# Exercise description
Restate all the lines below word for word, but omit the pictures.

# Information supplied
▬▬▬▬▬▬
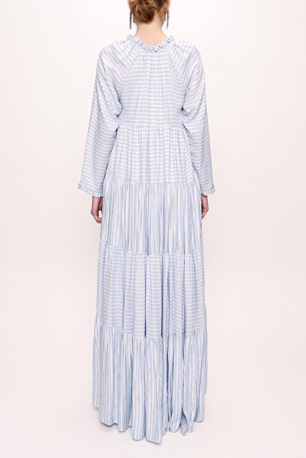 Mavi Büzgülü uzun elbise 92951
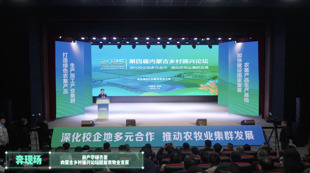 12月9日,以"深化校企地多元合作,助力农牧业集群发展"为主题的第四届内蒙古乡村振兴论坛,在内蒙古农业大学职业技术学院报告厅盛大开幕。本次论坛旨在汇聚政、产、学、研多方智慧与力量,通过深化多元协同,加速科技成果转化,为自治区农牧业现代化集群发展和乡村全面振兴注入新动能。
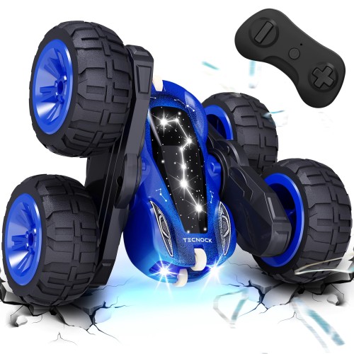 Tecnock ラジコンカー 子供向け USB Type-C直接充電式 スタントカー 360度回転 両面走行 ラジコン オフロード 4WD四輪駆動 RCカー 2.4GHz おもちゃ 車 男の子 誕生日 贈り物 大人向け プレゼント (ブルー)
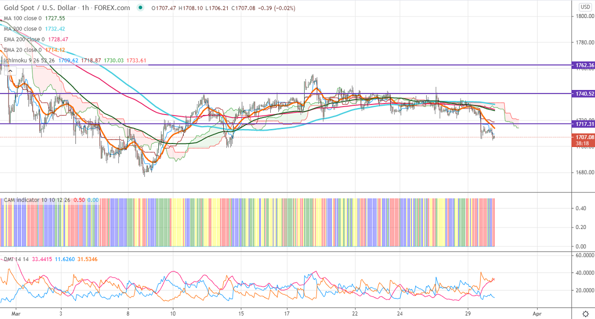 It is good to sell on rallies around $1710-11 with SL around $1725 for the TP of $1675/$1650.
▬▬▬▬▬▬
# Task solution
 Mavi Büzgülü uzun elbise 92951
 12月9日,以"深化校企地多元合作,助力农牧业集群发展"为主题的第四届内蒙古乡村振兴论坛,在内蒙古农业大学职业技术学院报告厅盛大开幕。本次论坛旨在汇聚政、产、学、研多方智慧与力量,通过深化多元协同,加速科技成果转化,为自治区农牧业现代化集群发展和乡村全面振兴注入新动能。
 Tecnock ラジコンカー 子供向け USB Type-C直接充電式 スタントカー 360度回転 両面走行 ラジコン オフロード 4WD四輪駆動 RCカー 2.4GHz おもちゃ 車 男の子 誕生日 贈り物 大人向け プレゼント (ブルー)
 It is good to sell on rallies around $1710-11 with SL around $1725 for the TP of $1675/$1650.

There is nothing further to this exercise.